Frequently Asked Questions About Recipes
- → Can I prepare the honey mustard dressing ahead of time?
Yes, the honey mustard dressing can be prepared up to 3-4 days ahead of time. Store it in an airtight container in the refrigerator. Give it a good shake or stir before using, as some separation may occur. Making it ahead allows the flavors to meld together even better.
- → How can I make this salad dairy-free?
To make this salad dairy-free, use a plain unsweetened dairy-free yogurt alternative (like coconut, almond, or soy-based yogurt) in place of Greek yogurt in the dressing. Also, omit the gorgonzola cheese from the salad or replace it with a dairy-free cheese alternative if desired.
- → Can I use chicken thighs instead of chicken breasts?

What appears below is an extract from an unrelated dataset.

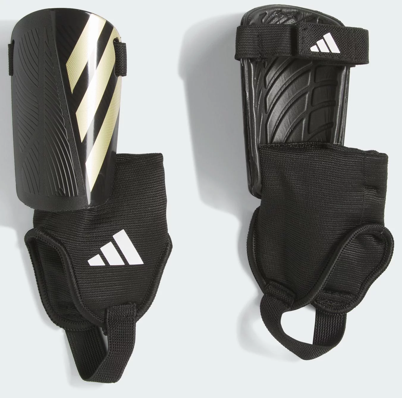 Футбольні щитки Tiro Match Kids Викладайся на повну, не турбуючись про суперників. Створені для молодих гравців, ці щитки Tiro Match для юніорів від adidas посилюють захист завдяки жорстким накладкам з ЕВА та м'яким вставкам на щиколотках. Застібка-липучка надійно їх фіксує, щоб можна було повністю зосередитися на перемозі. Вони виконані з переробленої сировини щонайменше на 20%, що дає змогу уникнути великого впливу на довкілля від виробництва первинної сировини. Внутрішній шар із ЕВА Жорстка передня панель Основний матеріал: 80% поліпропілен, 20% перероблений поліпропілен Регульована передня застібка-липучка Підтримка щиколотки Колір моделі: Black / Gold Metallic / White

Absolutely! Boneless, skinless chicken thighs work wonderfully in this salad. They tend to be more flavorful and remain juicier when grilled. Adjust cooking time accordingly as thighs may take slightly less time to cook through to 165°F internal temperature.

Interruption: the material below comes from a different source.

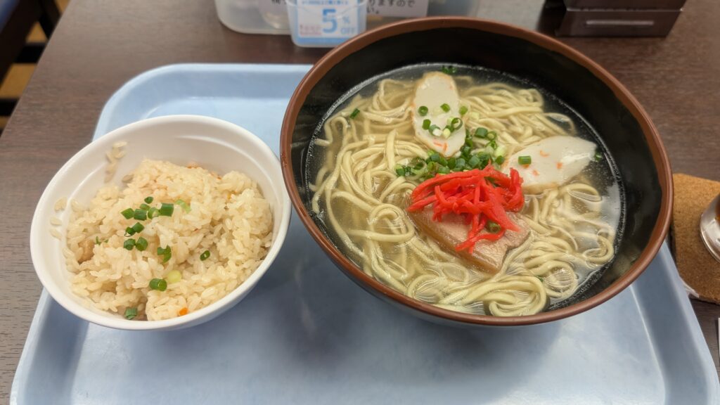 まずは沖縄そばとジューシー(炊き込みご飯)で腹ごしらえ。優しい味でした。

- → Is marinating the chicken necessary?
While marinating adds significant flavor, it's not absolutely necessary. If you're short on time, you can simply season the chicken with salt and pepper before grilling. However, even a quick 15-minute marinade will enhance the flavor compared to no marinade at all.
- → What can I substitute for blueberries if they're not in season?
If blueberries aren't in season, you can substitute other berries like strawberries or raspberries. Sliced apples, pears, or mandarin orange segments also work beautifully. For a different twist, try diced mango or peaches in the summer months.
- → How do I store leftovers of this salad?
For best results, store the components separately. Keep the grilled chicken, dressing, and salad ingredients in separate containers in the refrigerator. The chicken and dressing will keep for 3-4 days. Assemble just before serving to maintain the crispness of the lettuce and prevent sogginess.